In this paper we propose an algorithm for automatic tracking of individual intermediate filaments (IF), which form a highly branched network inside living cells. The algorithm is based on Stretching Open Active Contours (SOAC) combined with a novel method for processing the snake’s open ends. The main element of our approach (Endpoint-Controlled Active Contours) is a newly introduced potential function, which is included into the snake’s energy term forcing its end-points to coincide with the filament’s end- or junction-points. The comparison of our method with similar tracking algorithms for the problem of IF tracking shows a significantly improved accuracy of the overall tracking.

1 Introduction

Intermediate filaments are major cytoskeletal components of vertebrate cells. Their molecular composition varies depending on cell type, cellular function and the microenvironment. Typically, intermediate filaments form a filamentous network within the cell and are mechanically connected to neighbor cells. This network is a main contributor to the biomechanical properties of cells and tissues supporting processes such as wound healing and tumor cell invasion [7, 9]. The topology of intermediate filament networks is highly different depending on the cell type, filament type and physiological conditions. The organization and dynamics of intermediate filaments can be best studied in living cells producing fluorescent intermediate filament protein reporters.

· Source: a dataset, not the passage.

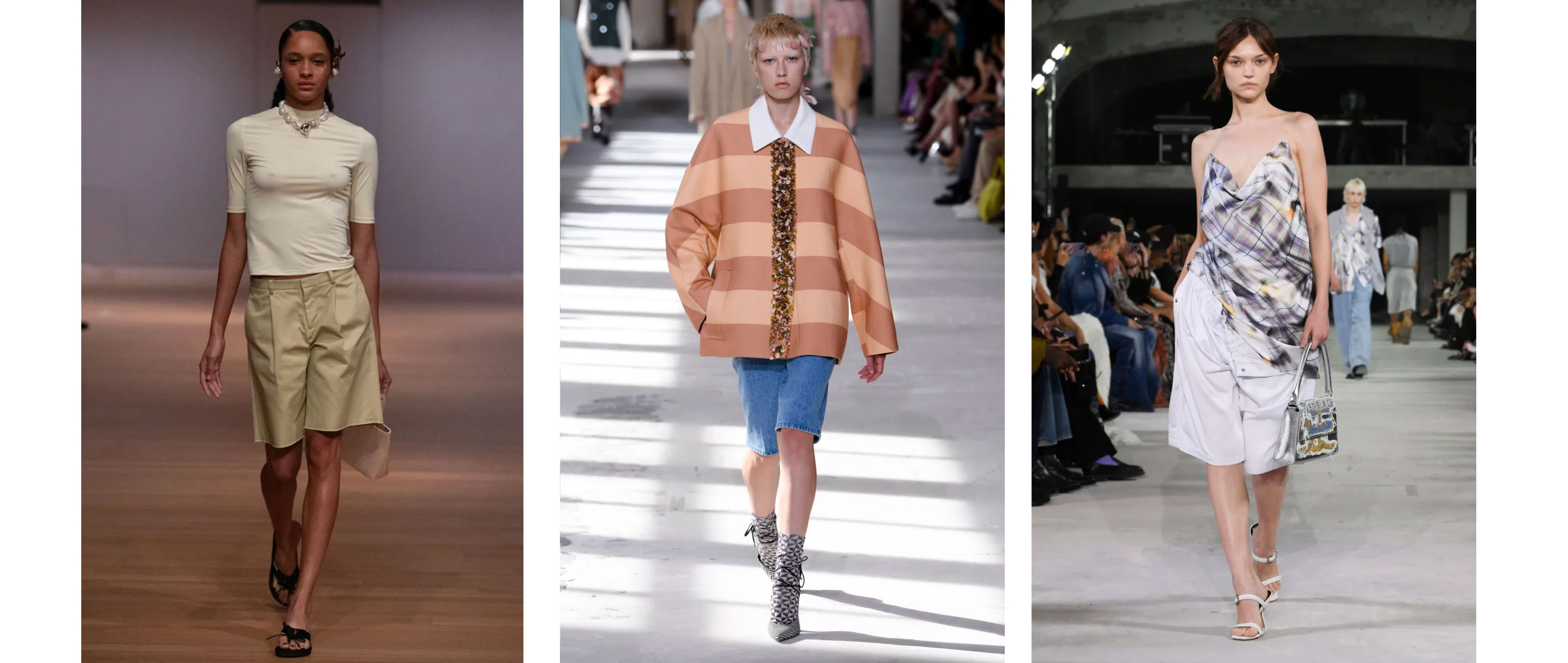А також у Dries Van Noten, де верх у стилі преппі з масивним, білим коміром і лелітками поєднали з денімовими бермудами та туфлями із зав’язками. Доєднується до прихильників спорт-шику і Y/Project. Власний бренд креативного директора Diesel Гленна Мартенса пропонує актуальну стилізацію, яку нескладно відтворити. Необхідні інгредієнти включають принтований топ на тонких бретелях, утилітарні бермуди, білі босоніжки з ремінцями й сріблясту сумку.

However, an approach to classify and distinguish between different types of filament topologies is missing. A quantitative description of network’s characteristics using manual labeling of the filament’s trajectories would be extremely time-consuming. Automated filament tracking or segmentation algorithms have been successfully proposed for individual actin filaments which were well separated by background [8, 10]. The task of filament tracking within their highly branched network, in contrast, leads to additional complications due to a high spatio-temporal variability in the contrast of filaments and the risk of confusion with neighboring filaments. As an experimental evaluation shows (see Sect. 4), SOAC-based algorithms tend to overgrow or switch to the neighboring filaments.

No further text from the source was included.